Metadata-Version: 2.4
Name: nvidia_bfcl
Version: 25.5
Summary: Berkeley Function Calling Leaderboard (BFCL) - packaged by NVIDIA
License: Apache 2.0
Project-URL: Repository, https://github.com/ShishirPatil/gorilla/tree/main/berkeley-function-call-leaderboard
Classifier: Development Status :: 5 - Production/Stable
Classifier: Programming Language :: Python :: 3
Classifier: License :: OSI Approved :: Apache Software License
Classifier: Operating System :: OS Independent
Requires-Python: >=3.10
Description-Content-Type: text/markdown
Requires-Dist: requests
Requires-Dist: tqdm
Requires-Dist: numpy==1.26.4
Requires-Dist: pandas
Requires-Dist: huggingface_hub
Requires-Dist: pydantic>=2.8.2
Requires-Dist: python-dotenv>=1.0.1
Requires-Dist: tree_sitter==0.21.3
Requires-Dist: tree-sitter-java==0.21.0
Requires-Dist: tree-sitter-javascript==0.21.4
Requires-Dist: openai==1.58.0
Requires-Dist: typer>=0.12.5
Requires-Dist: tabulate>=0.9.0
Requires-Dist: datamodel-code-generator==0.25.7
Requires-Dist: mpmath==1.3.0
Requires-Dist: tenacity==9.0.0
Requires-Dist: writer-sdk>=1.2.0
Requires-Dist: overrides
Requires-Dist: jinja2
Requires-Dist: flask
Requires-Dist: structlog
Requires-Dist: psutil
Provides-Extra: oss-eval-vllm
Requires-Dist: vllm==0.6.3; extra == "oss-eval-vllm"
Provides-Extra: oss-eval-sglang
Requires-Dist: sglang[all]; extra == "oss-eval-sglang"
Provides-Extra: wandb
Requires-Dist: wandb==0.18.5; extra == "wandb"

# NVIDIA Evals Factory

The goal of NVIDIA Evals Factory is to advance and refine state-of-the-art methodologies for model evaluation, and deliver them as modular evaluation packages (evaluation containers and pip wheels) that teams can use as standardized building blocks.

# Quick start guide

NVIDIA Evals Factory provide you with evaluation clients, that are specifically built to evaluate model endpoints using our Standard API.

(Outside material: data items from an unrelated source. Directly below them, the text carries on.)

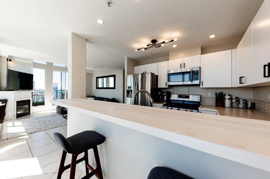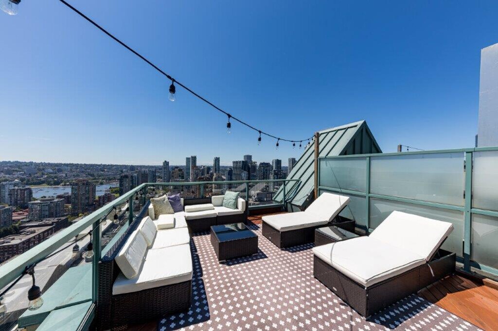 Feel at home in this exceptional penthouse in Yaletown, offering a sprawling 1,176 square feet of meticulously curated living space. This residence boasts panoramic southwest vistas, affording a commanding 270-degree outlook encompassing False Creek, English Bay, BC Place, and the city skyline. This special place is close to everything, making it easy to plan your visit. Recent renovations have thoughtfully enhanced the bathrooms, laundry area, and bedrooms. This apartment is centrally located, making it easy to plan your visit. [SI]
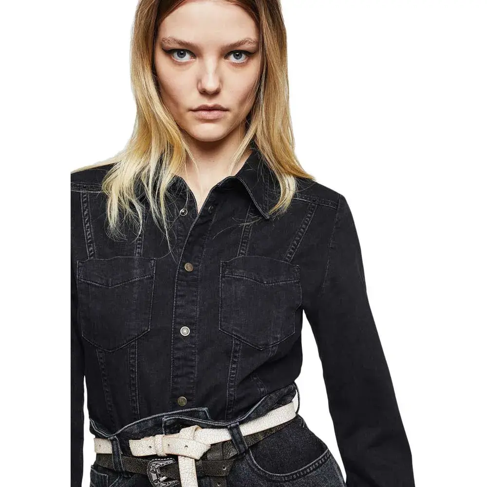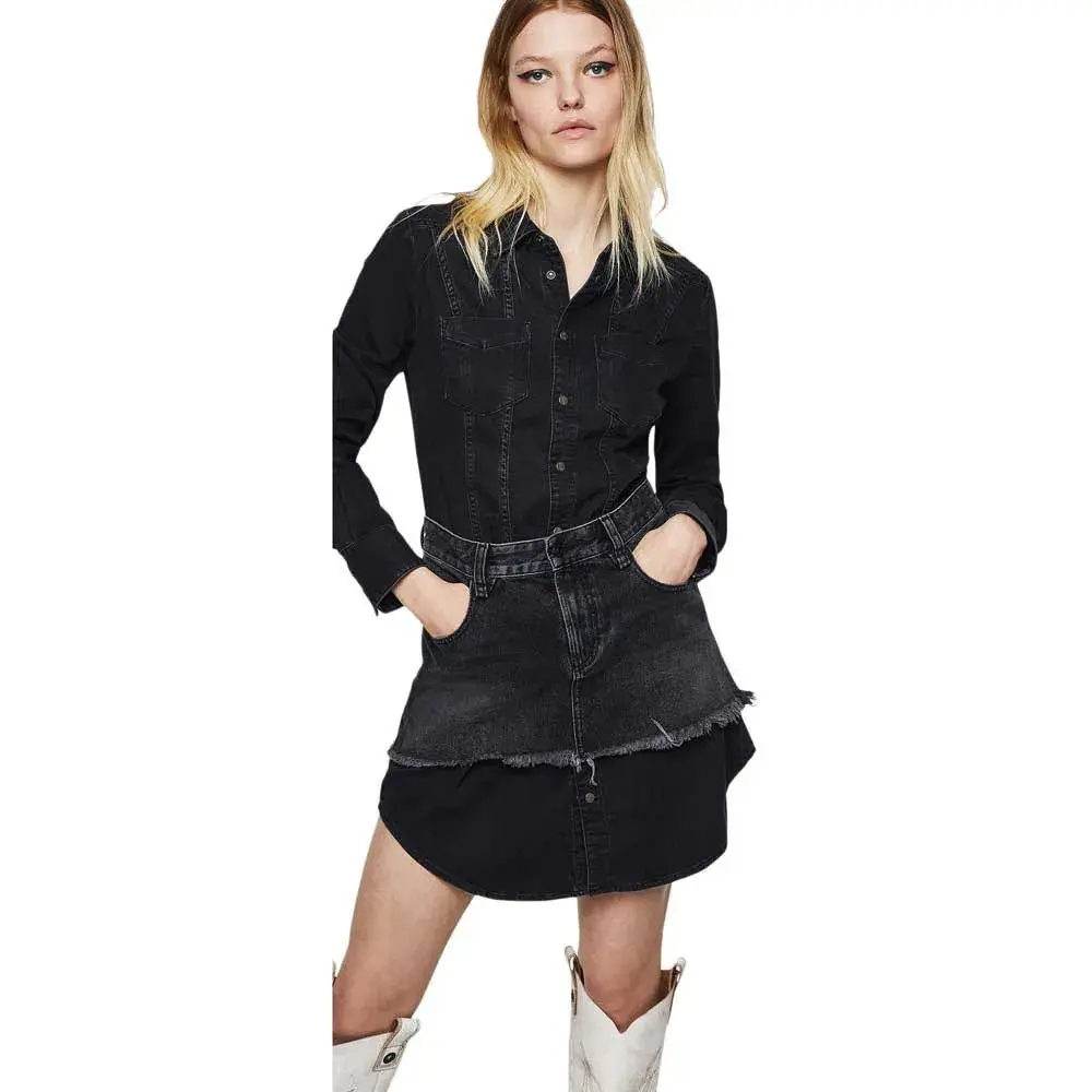 Это платье-рубашка изготовлено из плотного денима с эффектом потертости.
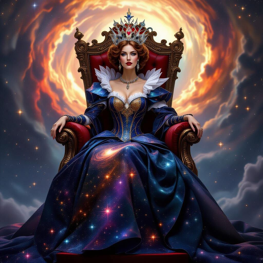 A queen of hearts depicted as a celestial empress on a throne of stardust. Her gown shimmers with galactic colors, crowned by constellations, set against a cosmic vortex. Presented with dramatic lighting and rich detail.

## Launching an evaluation for an LLM

1. Install the package
    ```
    pip install nvidia-bfcl
    ```

3. (Optional) Set a token to your API endpoint if it's protected
    ```bash
    export MY_API_KEY="your_api_key_here"
    ```
4. List the available evaluations:
    ```bash
    $ core_evals_bfcl ls
    Available tasks:
    * bfclv2 (in bfcl)
    * bfclv2_ast (in bfcl)
    * bfclv3 (in bfcl)
    * bfclv3_ast (in bfcl)
    ...
    ```
5. Run the evaluation of your choice:
   ```bash
   core_evals_bfcl run_eval \
       --eval_type bfclv3_ast \
       --model_id meta/llama-3.1-70b-instruct \
       --model_url https://integrate.api.nvidia.com/v1/chat/completions \
       --model_type chat \
       --api_key_name MY_API_KEY \
       --output_dir /workspace/results
   ```
6. Gather the results
    ```bash
    cat /workspace/results/results.yml
    ```

# Command-Line Tool

Each package comes pre-installed with a set of command-line tools, designed to simplify the execution of evaluation tasks. Below are the available commands and their usage for the `bfcl` (`bfcl`):

## Commands

### 1. **List Evaluation Types**

```bash
core_evals_bfcl ls
```

Displays the evaluation types available within the harness.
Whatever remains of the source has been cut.